SVC obstruction leads to the development of multiple venous collaterals including azygos-hemiazygos, internal and external mammary, lateral thoracic, and vertebral [12]. Another rare collateral pathway that is described in case reports is the SPVS [13, 14, 15]. Upon review of the literature, we found 2 cases of SVC/IVC obstruction with SPVS [16, 17], but in those cases, the patient had also BCS, while our patient had obstruction of the infrahepatic part of the IVC only (Fig. 3, 4). Other features that were present in the 2 cases and not in our case were that the thrombosis was attributed to antiphospholipid syndrome, the IVC occlusion was subtotal, and the patient underwent successful dilatation and stenting of the SVC and IVC, which resulted in improvement of hypoxemia. Dilatation and stenting were discussed in our case, but it was decided in the multidisciplinary meeting that the procedure was technically difficult because of the complete thrombosis of the SVC and IVC.

Fig. 4

Color Doppler ultrasonogram of the liver showing patency of the hepatic veins and the suprahepatic part of the inferior vena cava.

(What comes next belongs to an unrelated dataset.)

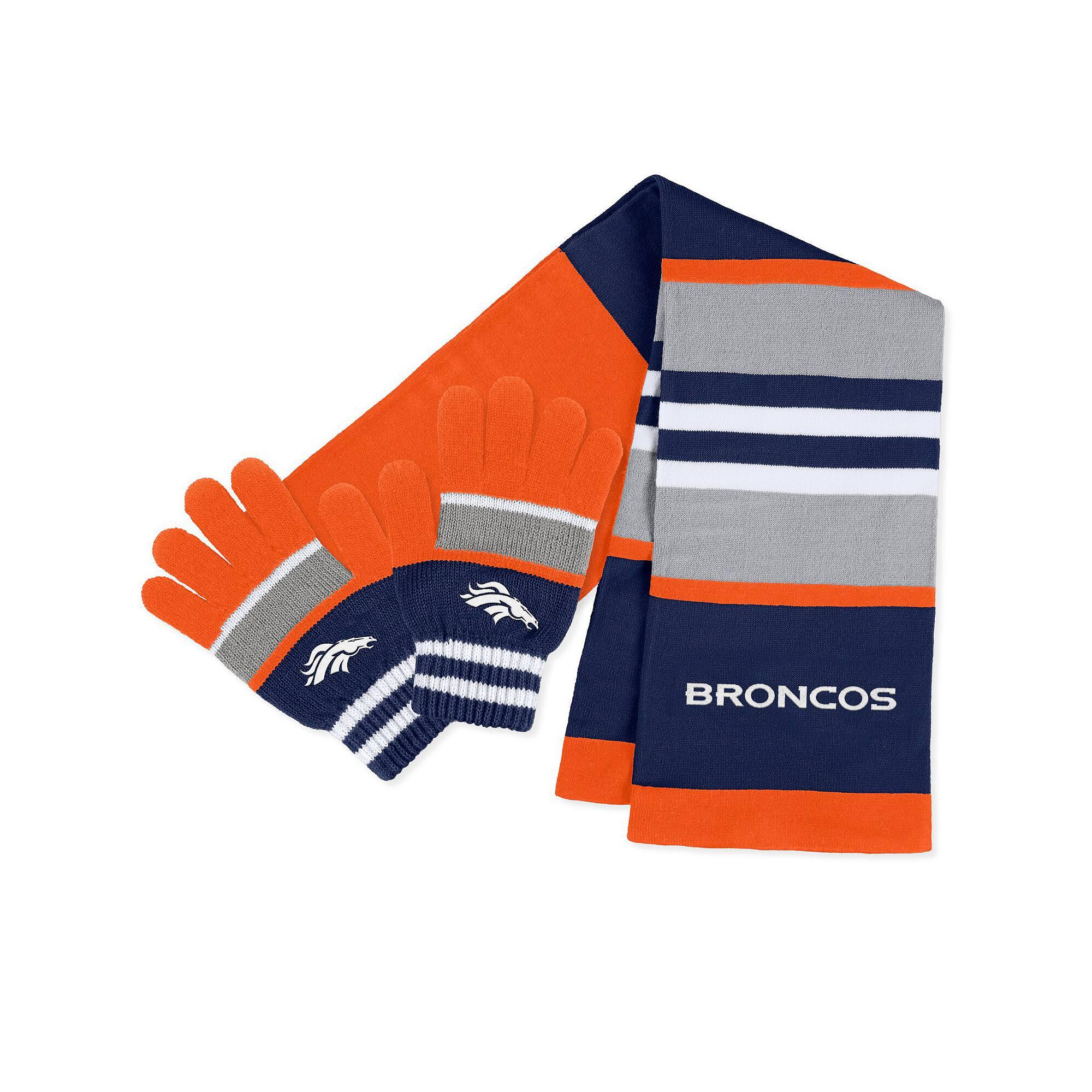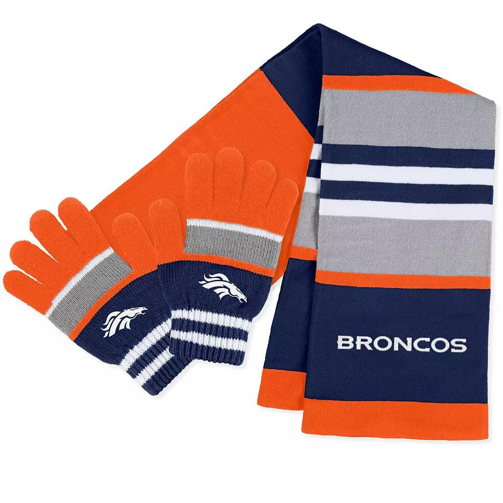 As temperatures descend, heat things up with this Denver Broncos scarf and gloves set from WEAR by Erin Andrews. This combo includes a cozy scarf and comfy gloves, both with spirited striped graphics to enhance your fandom in comfort. The scarfs decorative fringe ends and double-sided design make this a stylish ensemble you wont hesitate to reach for on colder Denver Broncos game days.

In patients with prothrombin G20210A gene mutation, treatment is only required when complications related to thrombophilia such as VTE occur. The current VTE guidelines prefer direct oral anticoagulants (DOAC) over vitamin K antagonists for VTE. However, there is no mention of any special recommendations or exclusions for thrombophilic patients regarding DOAC usage [18]. In fact, clinicians who consider DOAC as an option rely on post hoc analysis of landmark trials or some case reports rather than well-conducted randomized trials [19, 20]. Our patient was shifted from warfarin to rivaroxaban as the INR while being on warfarin was occasionally subtherapeutic because the patient was not monitoring her INR on a regular basis and she was not compliant. Thus, she was counseled about the advantages and risks of other anticoagulants, which are not well studied in patients with thrombophilia. It was decided to shift her back to warfarin because of the development of a new thrombotic event while she was on rivaroxaban.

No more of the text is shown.